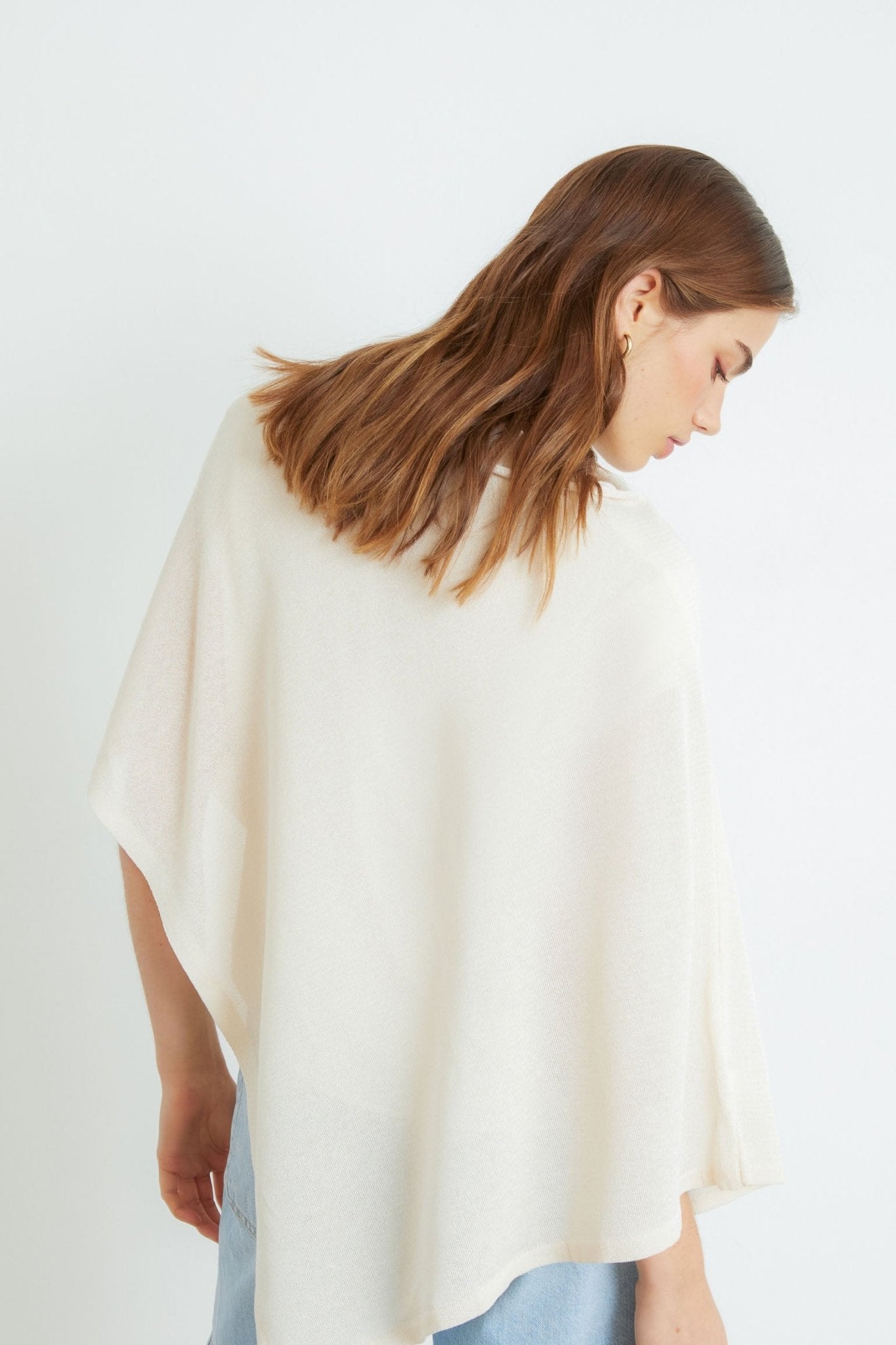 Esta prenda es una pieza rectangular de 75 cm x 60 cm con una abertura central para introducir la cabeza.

•••

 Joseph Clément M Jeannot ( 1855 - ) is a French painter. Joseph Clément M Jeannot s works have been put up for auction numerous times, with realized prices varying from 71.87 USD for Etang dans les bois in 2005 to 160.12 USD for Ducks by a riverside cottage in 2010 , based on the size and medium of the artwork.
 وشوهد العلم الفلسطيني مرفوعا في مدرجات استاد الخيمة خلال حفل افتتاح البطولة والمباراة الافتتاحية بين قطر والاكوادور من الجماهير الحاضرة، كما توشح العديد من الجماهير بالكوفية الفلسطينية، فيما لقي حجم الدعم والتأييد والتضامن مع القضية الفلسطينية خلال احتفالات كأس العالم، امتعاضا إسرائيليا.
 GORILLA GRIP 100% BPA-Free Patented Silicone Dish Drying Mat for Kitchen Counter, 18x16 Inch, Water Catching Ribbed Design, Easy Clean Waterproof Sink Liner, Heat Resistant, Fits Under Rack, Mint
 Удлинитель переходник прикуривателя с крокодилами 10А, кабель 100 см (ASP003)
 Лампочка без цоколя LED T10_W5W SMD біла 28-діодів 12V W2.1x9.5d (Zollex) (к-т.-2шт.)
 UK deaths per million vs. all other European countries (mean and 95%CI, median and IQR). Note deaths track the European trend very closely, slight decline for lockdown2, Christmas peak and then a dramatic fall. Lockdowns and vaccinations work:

•••

◆ Your instructions
Write out, from the lines above, only those from the line with "Удлинитель переходник прикуривателя" to the line with "Лампочка без цоколя", exactly as given, including the first and the last.

◆ Answer
 Удлинитель переходник прикуривателя с крокодилами 10А, кабель 100 см (ASP003)
 Лампочка без цоколя LED T10_W5W SMD біла 28-діодів 12V W2.1x9.5d (Zollex) (к-т.-2шт.)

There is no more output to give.